We explored the relationship of current and lifetime physical activity (PA) with upper respiratory tract infections (URTI) symptomatology in 142 male volunteers aged 33 to 90. They participated in baseline and one-year follow-up examinations and fulfilled the log books for daily recording of URTI symptomatology during the whole year. PA was assessed by the Seven Day Recall PA Questionnaire and the Historical Leisure Activity Questionnaire. Number of URTI episodes per year and the number of days with URTI per year were significantly inversely associated with the follow-up 7-Day Recall Hard score (rho = - 0.21; p = 0.013 and rho = - 0.18; p = 0.032, respectively). In logistic regression model, after adjustment for age and anthropometric data, the subjects with high follow-up 7-Day Recall Hard score (dichotomised as high vs. low) had a lower probability of having at least 2 URTI episodes per year (OR = 0.38; CI = 0.18 - 0.78), lower probability of having at least 3 URTI episodes per year (OR = 0.42; CI = 0.20 - 0.87), and lower probability of having at least 15 days with URTI (OR = 0.36; CI = 0.15 - 0.88). URTI symptomatology was not related to cardiorespiratory fitness or any measures of the historical PA questionnaire.

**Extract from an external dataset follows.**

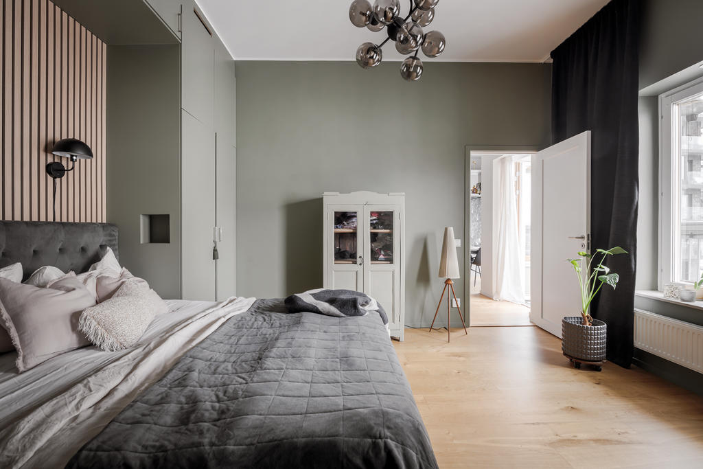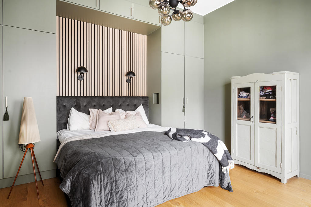 I det stora lyxiga sovrummet finns en platsbyggd garderob som ramar in sängen och skapar bra med förvaringsmöjligheter. Detta rum är stort nog att man skulle kunna dela av till två rum, se alternativ planlösning.
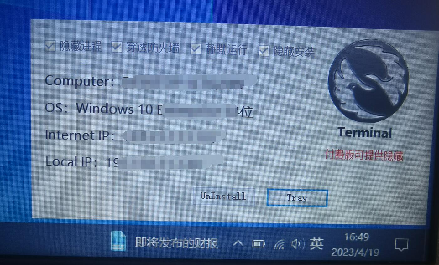 專業(yè)版起無被控提醒,可以隱藏托盤,隱蔽管控【需企業(yè)身份認證】

We conclude that in middle-aged and older men the symptomatology of URTI over long periods of time is inversely related to current but not to lifetime PA.

摘要

我们在142名年龄在33至90岁的男性志愿者中,探讨了当前及终生体育活动(PA)与上呼吸道感染(URTI)症状之间的关系。他们参与了基线检查和为期一年的随访检查,并填写了日志以记录全年的URTI症状。通过七日回忆PA问卷和历史休闲活动问卷对PA进行评估。每年URTI发作次数和每年患URTI的天数与随访的七日回忆高强度得分呈显著负相关(相关系数分别为rho = - 0.21;p = 0.013和rho = - 0.18;p = 0.032)。在逻辑回归模型中,在调整年龄和人体测量数据后,随访七日回忆高强度得分高的受试者(分为高分组与低分组)每年至少有2次URTI发作的概率较低(比值比[OR] = 0.38;可信区间[CI] = 0.18 - 0.78),每年至少有3次URTI发作的概率较低(OR = 0.42;CI = 0.20 - 0.87),以及有至少15天患URTI的概率较低(OR = 0.36;CI = 0.15 - 0.88)。URTI症状与心肺适能或历史PA问卷的任何测量指标均无关。我们得出结论,在中年及老年男性中,长期的URTI症状与当前的PA呈负相关,但与终生PA无关。